In Bristol, on the other hand, we met a little old woman who, with her red hair and flowery dress, we might have mistaken for English. But she was a Damascene, and she wept when I read a description of her city. Afterwards she came to introduce herself. “I’ve lived in England for thirty years, and I didn’t realise until the revolution that I had a fear barrier inside. Then I noticed I’d never talked about Syria. I’d tried not to even think about it. But those brave youths gave me courage; they gave me back my identity and my freedom.”

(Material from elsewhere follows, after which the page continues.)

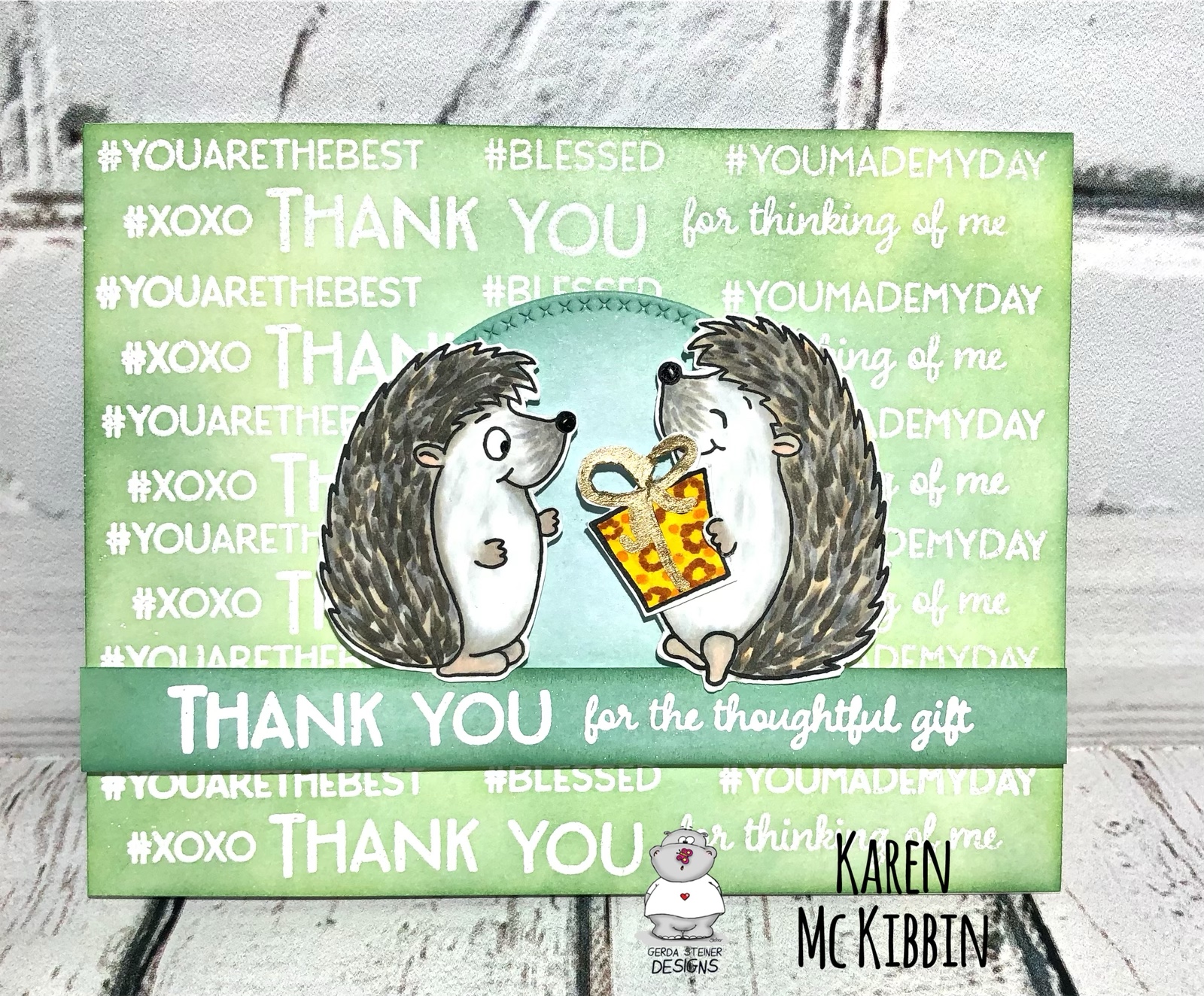 Hello and thanks for stopping by. It’s Karen here today and I hope everyone had a very happy Christmas, however it was celebrated this year. I’m finding myself very much in need of some thank you cards at the moment, and luckily the Hedgehog with Gifts stamp set from Gerda Steiner Designs has come to my rescue. There are so many great sentiments in this set, and I just couldn’t decide which ones to use, so I used them all! *Big grin*

So the Syrian revolution is alive and well in Bristol if not in Bradford, for this is where the revolution happens first, before the guns and the political calculations, before even the demonstrations – in individual hearts, in the form of new thoughts and newly unfettered words. Syria was once known as a ‘kingdom of silence’ in which public discourse was irretrievably devalued by enforced lip-service to the regime and its propaganda pieties. As a result, many Syrians describe their first protest as an ecstatic event, a kind of rebirth. In “Syria Speaks”, Ossama Mohammed’s story “The Thieves’s Market” concerns a woman who attends the state’s official demonstrations, until her friend is murdered for participating in an oppositional one. “I grew up,” she says, “came of age, abandoned someone and was abandoned, on a march that finished yesterday.” When that coerced march ended and a thousand new ones began, Syrians found unprecedented liberation simply by expressing honest opinions in the presence of their neighbours, by breaking the barriers of fear.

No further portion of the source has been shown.